*Prompt:* If an entry holds a picture, drop the picture and restate the rest word for word.
━━━━━━━━━━━━━━━━
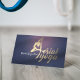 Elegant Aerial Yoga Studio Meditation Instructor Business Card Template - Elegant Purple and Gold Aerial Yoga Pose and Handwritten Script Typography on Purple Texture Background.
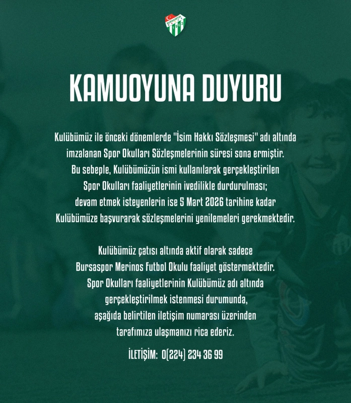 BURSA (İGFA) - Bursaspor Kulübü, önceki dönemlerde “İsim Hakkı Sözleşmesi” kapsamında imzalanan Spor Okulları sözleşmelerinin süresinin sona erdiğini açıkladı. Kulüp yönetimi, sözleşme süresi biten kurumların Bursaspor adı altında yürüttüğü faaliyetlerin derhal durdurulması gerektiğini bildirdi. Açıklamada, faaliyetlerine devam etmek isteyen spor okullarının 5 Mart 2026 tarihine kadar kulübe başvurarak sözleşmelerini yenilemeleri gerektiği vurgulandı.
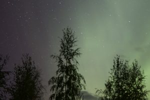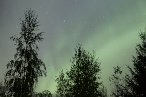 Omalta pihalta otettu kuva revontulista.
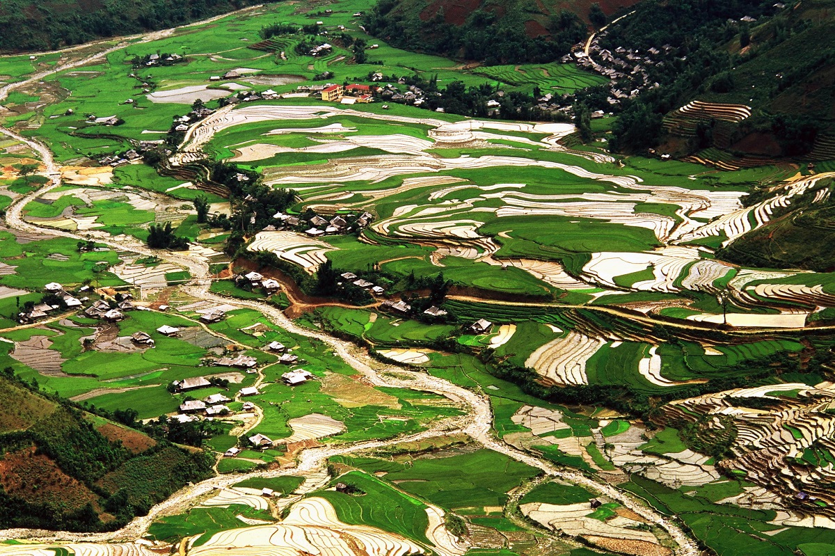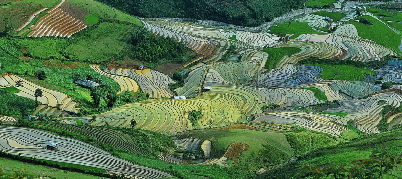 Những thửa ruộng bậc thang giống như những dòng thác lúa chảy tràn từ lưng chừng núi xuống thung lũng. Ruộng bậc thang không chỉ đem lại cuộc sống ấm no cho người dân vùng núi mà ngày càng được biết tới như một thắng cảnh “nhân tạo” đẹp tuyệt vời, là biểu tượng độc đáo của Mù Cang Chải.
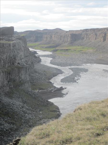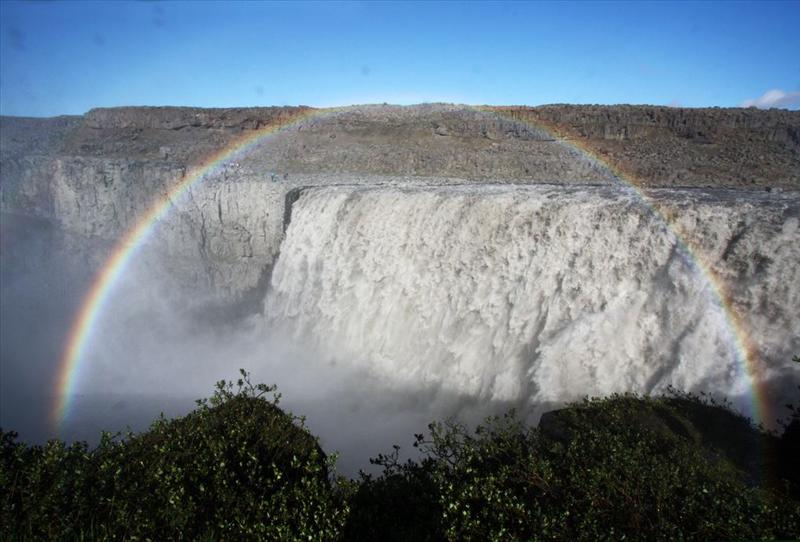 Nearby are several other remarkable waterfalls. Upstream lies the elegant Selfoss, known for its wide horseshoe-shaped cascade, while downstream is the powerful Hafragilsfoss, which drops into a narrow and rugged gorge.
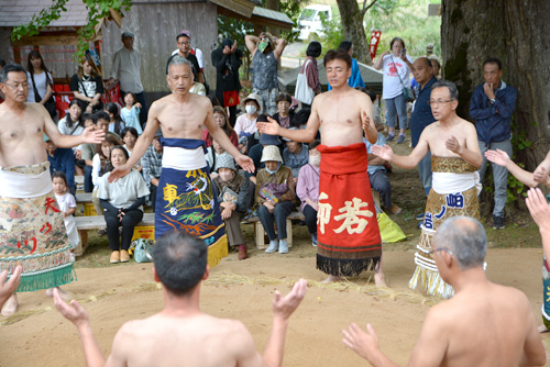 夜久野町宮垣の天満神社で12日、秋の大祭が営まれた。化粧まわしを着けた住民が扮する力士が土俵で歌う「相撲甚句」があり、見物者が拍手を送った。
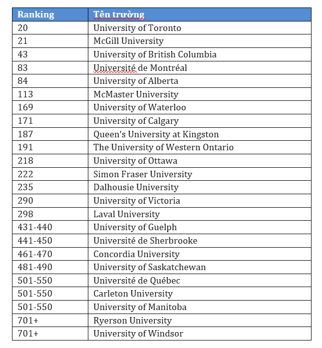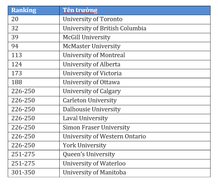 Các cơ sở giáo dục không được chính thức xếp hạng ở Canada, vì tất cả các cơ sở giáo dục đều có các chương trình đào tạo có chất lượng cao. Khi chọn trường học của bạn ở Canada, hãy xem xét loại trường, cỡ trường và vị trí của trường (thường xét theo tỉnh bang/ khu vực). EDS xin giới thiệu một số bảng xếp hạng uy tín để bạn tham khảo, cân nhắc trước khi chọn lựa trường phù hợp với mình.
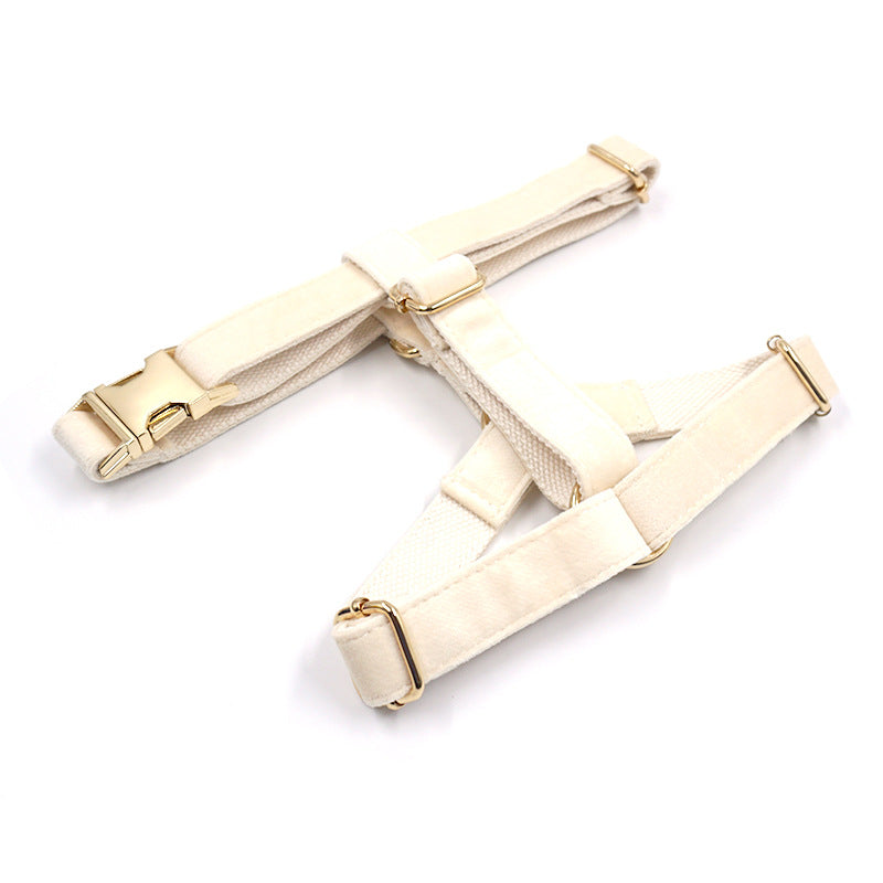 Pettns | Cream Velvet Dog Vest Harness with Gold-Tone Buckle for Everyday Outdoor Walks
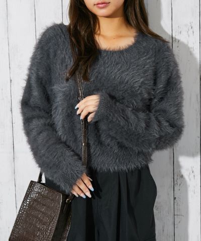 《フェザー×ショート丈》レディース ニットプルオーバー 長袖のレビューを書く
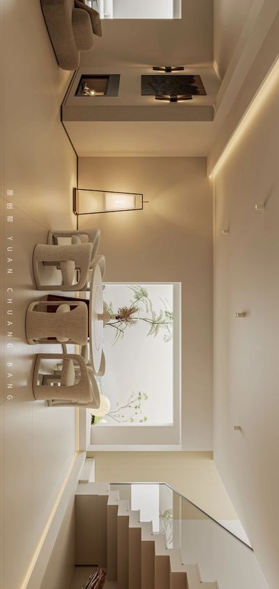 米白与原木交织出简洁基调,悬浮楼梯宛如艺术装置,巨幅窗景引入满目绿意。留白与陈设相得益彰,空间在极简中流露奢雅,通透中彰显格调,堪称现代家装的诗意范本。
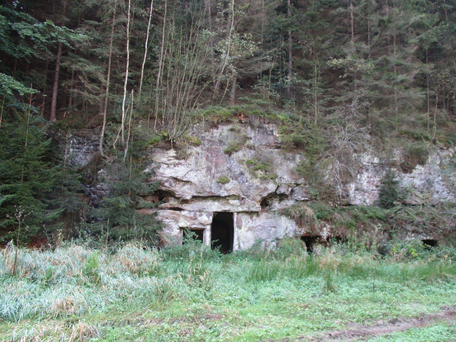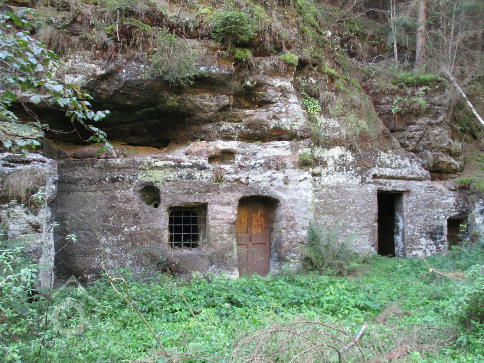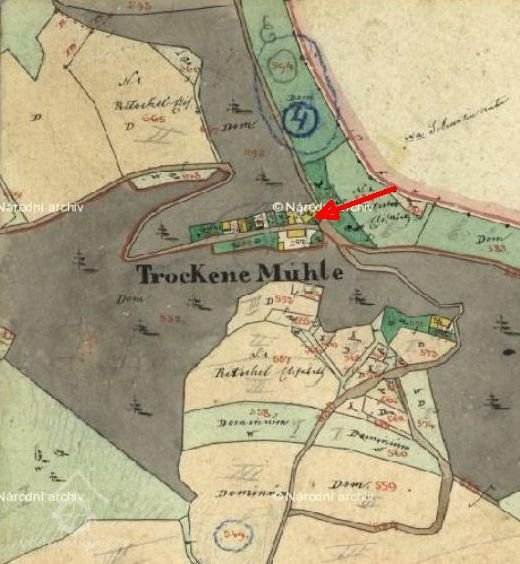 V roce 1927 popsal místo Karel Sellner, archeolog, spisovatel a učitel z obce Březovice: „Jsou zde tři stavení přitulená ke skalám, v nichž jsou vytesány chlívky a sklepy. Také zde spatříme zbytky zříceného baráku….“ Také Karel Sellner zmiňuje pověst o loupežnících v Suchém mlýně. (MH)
━━━━━━━━━━━━━━━━
*Your solution:*
 Elegant Aerial Yoga Studio Meditation Instructor Business Card Template - Elegant Purple and Gold Aerial Yoga Pose and Handwritten Script Typography on Purple Texture Background.
 BURSA (İGFA) - Bursaspor Kulübü, önceki dönemlerde “İsim Hakkı Sözleşmesi” kapsamında imzalanan Spor Okulları sözleşmelerinin süresinin sona erdiğini açıkladı. Kulüp yönetimi, sözleşme süresi biten kurumların Bursaspor adı altında yürüttüğü faaliyetlerin derhal durdurulması gerektiğini bildirdi. Açıklamada, faaliyetlerine devam etmek isteyen spor okullarının 5 Mart 2026 tarihine kadar kulübe başvurarak sözleşmelerini yenilemeleri gerektiği vurgulandı.
 Omalta pihalta otettu kuva revontulista.
 Những thửa ruộng bậc thang giống như những dòng thác lúa chảy tràn từ lưng chừng núi xuống thung lũng. Ruộng bậc thang không chỉ đem lại cuộc sống ấm no cho người dân vùng núi mà ngày càng được biết tới như một thắng cảnh “nhân tạo” đẹp tuyệt vời, là biểu tượng độc đáo của Mù Cang Chải.
 Nearby are several other remarkable waterfalls. Upstream lies the elegant Selfoss, known for its wide horseshoe-shaped cascade, while downstream is the powerful Hafragilsfoss, which drops into a narrow and rugged gorge.
 夜久野町宮垣の天満神社で12日、秋の大祭が営まれた。化粧まわしを着けた住民が扮する力士が土俵で歌う「相撲甚句」があり、見物者が拍手を送った。
 Các cơ sở giáo dục không được chính thức xếp hạng ở Canada, vì tất cả các cơ sở giáo dục đều có các chương trình đào tạo có chất lượng cao. Khi chọn trường học của bạn ở Canada, hãy xem xét loại trường, cỡ trường và vị trí của trường (thường xét theo tỉnh bang/ khu vực). EDS xin giới thiệu một số bảng xếp hạng uy tín để bạn tham khảo, cân nhắc trước khi chọn lựa trường phù hợp với mình.
 Pettns | Cream Velvet Dog Vest Harness with Gold-Tone Buckle for Everyday Outdoor Walks
 《フェザー×ショート丈》レディース ニットプルオーバー 長袖のレビューを書く
 米白与原木交织出简洁基调,悬浮楼梯宛如艺术装置,巨幅窗景引入满目绿意。留白与陈设相得益彰,空间在极简中流露奢雅,通透中彰显格调,堪称现代家装的诗意范本。
 V roce 1927 popsal místo Karel Sellner, archeolog, spisovatel a učitel z obce Březovice: „Jsou zde tři stavení přitulená ke skalám, v nichž jsou vytesány chlívky a sklepy. Také zde spatříme zbytky zříceného baráku….“ Také Karel Sellner zmiňuje pověst o loupežnících v Suchém mlýně. (MH)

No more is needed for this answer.